Avec Apple, les dépenses R&D ont atteint un record de 11,73 milliards de dollars, soit 10 310 € millions, au T3 2026, en hausse de 32 % sur un an. Un signal clair : le groupe accélère fortement ses investissements, notamment dans l’IA, malgré une pression immédiate des marchés.
Apple accélère encore ses dépenses de R&D
Apple a porté ses dépenses de recherche et développement à 11,73 milliards de dollars au troisième trimestre fiscal 2026, soit environ 10,30 milliards d’euros au taux de référence de la BCE (1 EUR = 1,1392 USD). Le chiffre marque un nouveau record trimestriel pour le groupe. Selon les documents financiers publiés par Apple, la hausse atteint 32 % sur un an. Le rythme est trop net pour être anecdotique : la firme dépense plus vite en R&D que son activité ne grossit.

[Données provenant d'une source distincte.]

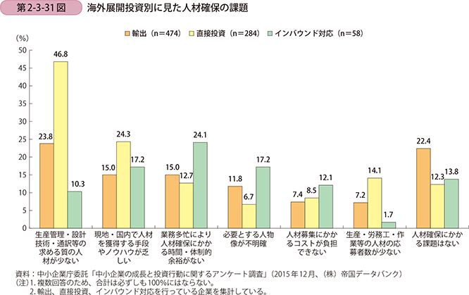 まず、人材確保における課題について見てみると、輸出と直接投資については「生産管理・設計技術・通訳等の求める質の人材が少ない」、インバウンド対応については「業務多忙により人材確保にかかる時間・体制的余裕がない」と回答する企業の割合が高いことが分かる。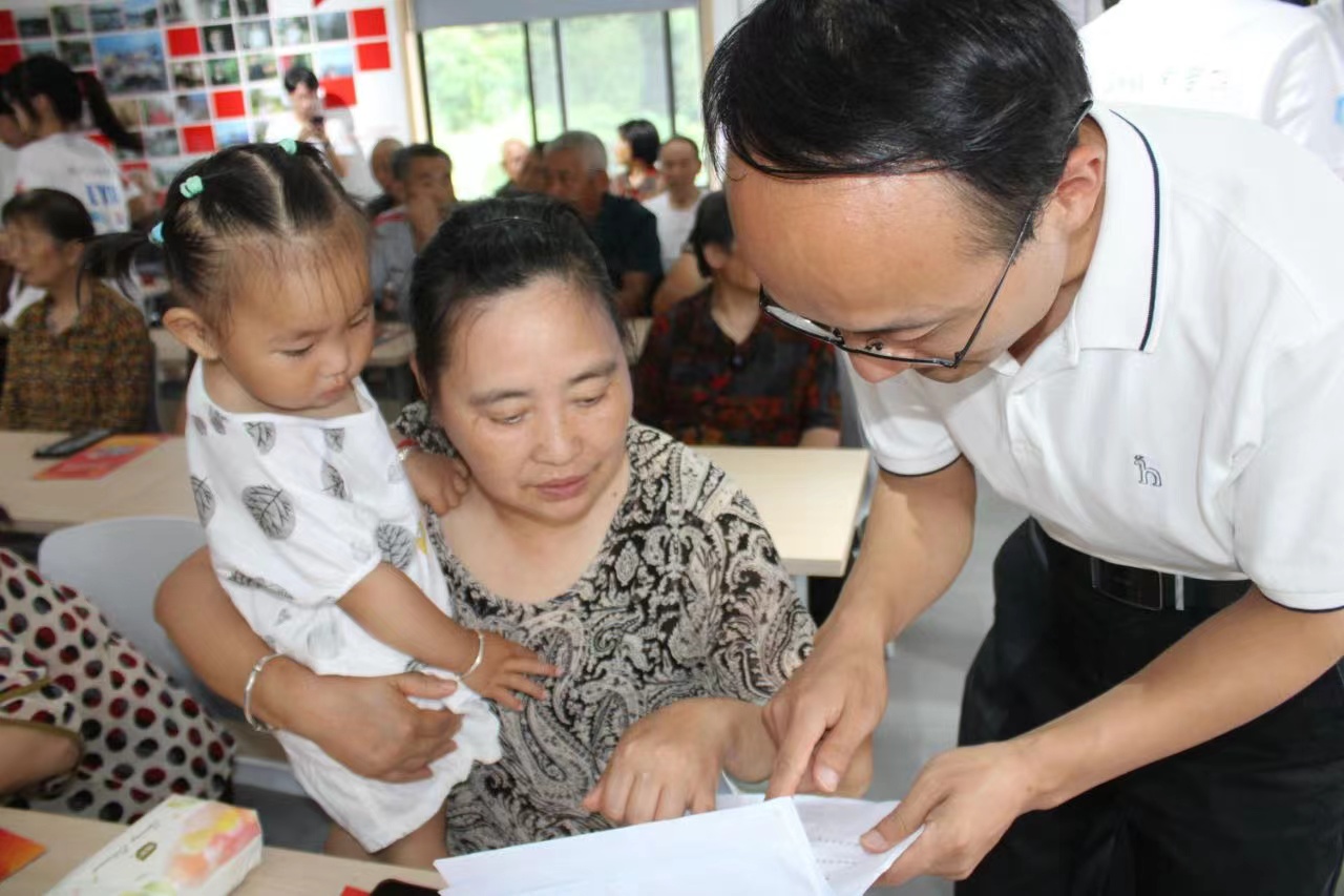 宣講活動結束后,韓老師和婁老師帶領成員們向每位參與的老年學員分發了宣傳冊和紀念品,這些資料包含了宣講的要點,以供老人們回家后參考。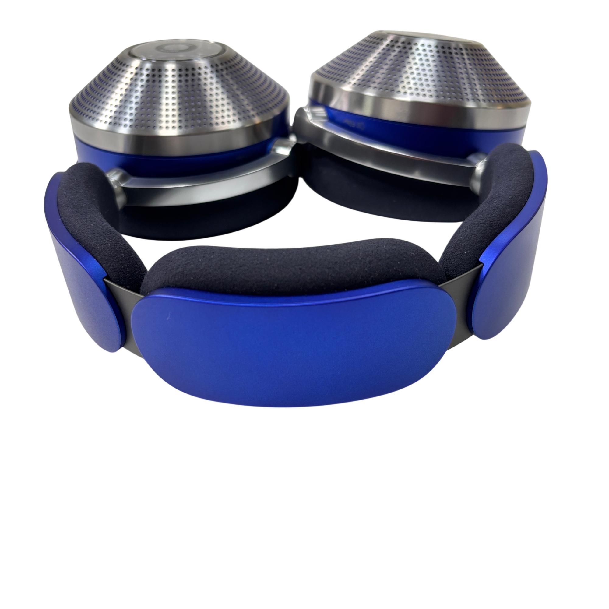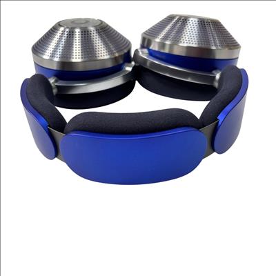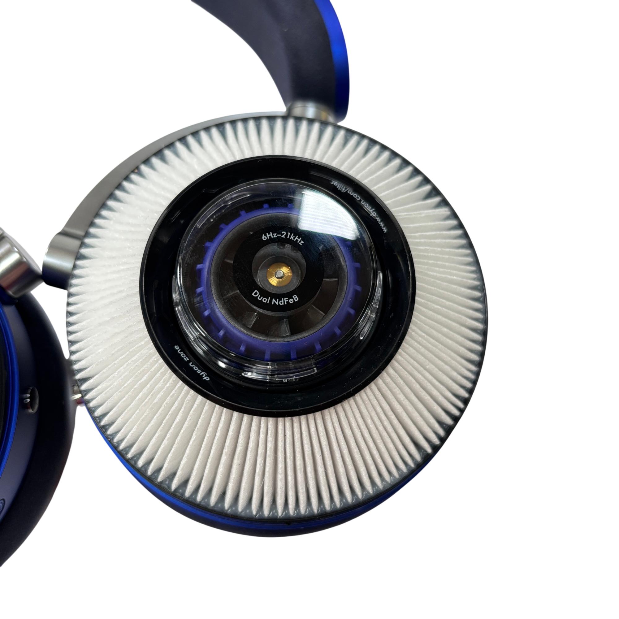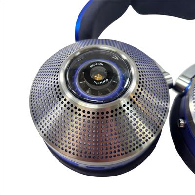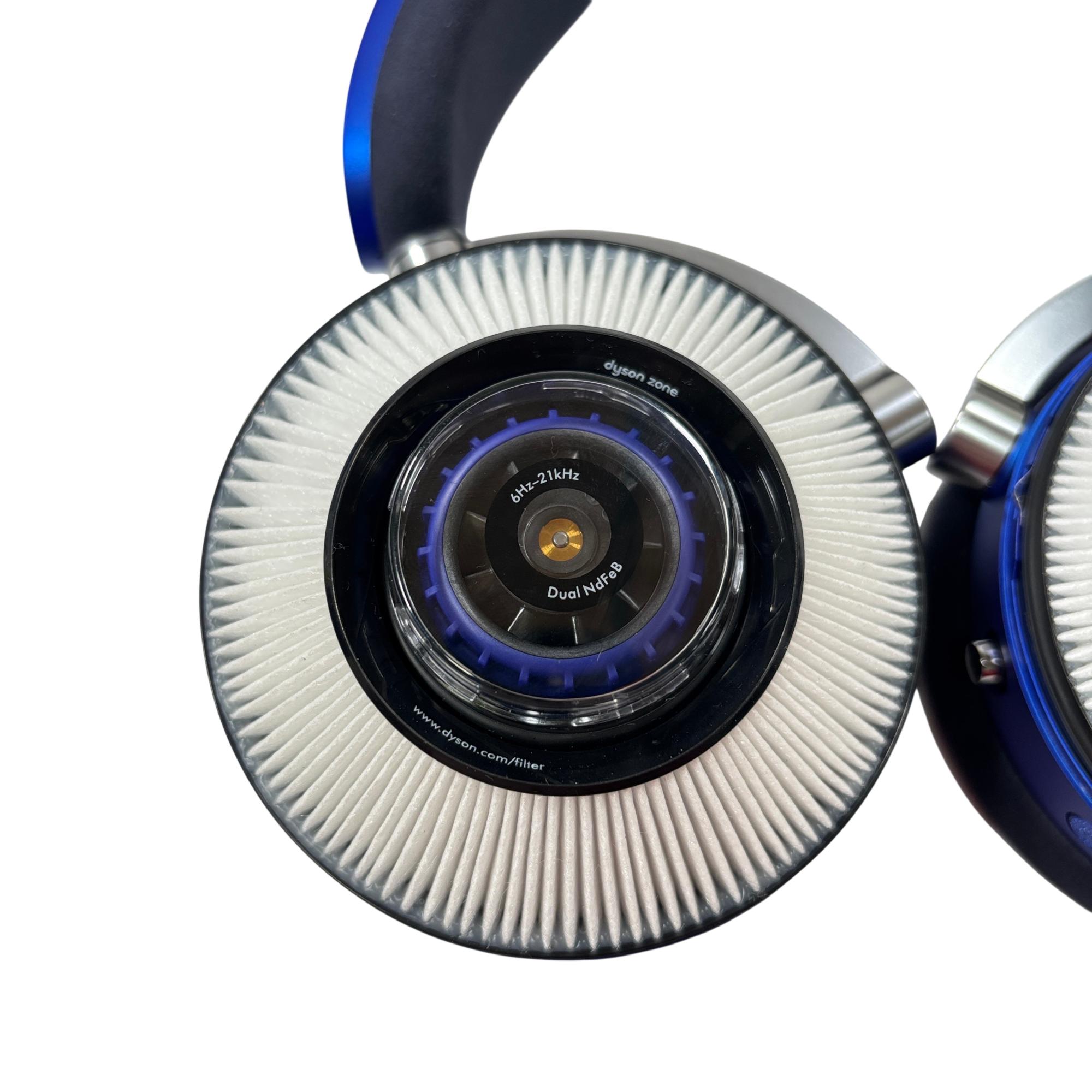 Dyson Zone WP01 Wireless Noise-Cancelling Air Purifying Headphones in blue and silver feature advanced dual NdFEB drivers delivering a frequency response from 6Hz to 21kHz for rich, immersive sound. These innovative headphones combine cutting-edge noise cancellation technology with integrated air purification, designed to enhance audio experience while filtering surrounding air.

Le point clé, c’est moins le record brut que la trajectoire. Après un deuxième trimestre déjà très élevé à 11,419 milliards de dollars, Apple enchaîne avec 11,73 milliards de dollars sur le trimestre clos en juin 2026. Sur les neuf premiers mois de l’exercice fiscal 2026, la facture atteint 34,04 milliards de dollars, soit près de 29,88 milliards d’euros selon le taux de la BCE. Autrement dit, en trois trimestres seulement, Apple a déjà consommé 98,5 % de son total annuel de R&D de l’exercice 2025, qui s’élevait à 34,55 milliards de dollars.
Cette montée en puissance n’a rien d’un détail comptable. Elle confirme que le groupe a engagé une phase d’investissement lourde, avec l’IA en toile de fond, mais sans limiter cet effort à l’IA seule. Chez Apple, la R&D finance aussi le silicium maison, les systèmes d’exploitation, les services, l’optimisation énergétique, la sécurité, la santé connectée et les futures catégories de produits. Mon avis est simple : le marché lit surtout “coût”, alors que ce niveau de dépense révèle d’abord un changement d’échelle industriel.
Tim Cook assume la hausse, Kevan Parekh précise la méthode
Lors du précédent point trimestriel, Tim Cook avait expliqué que l’entreprise investissait “clairement davantage” et que la R&D progressait “bien plus vite que l’entreprise” dans son ensemble, selon la conférence résultats d’Apple. Il avait aussi indiqué que cet effort montait “de façon assez significative” sur un an, en évoquant directement les investissements dans l’intelligence artificielle. De son côté, le directeur financier Kevan Parekh a précisé que les dépenses liées à l’IA s’ajoutaient progressivement aux investissements déjà prévus dans la feuille de route produits.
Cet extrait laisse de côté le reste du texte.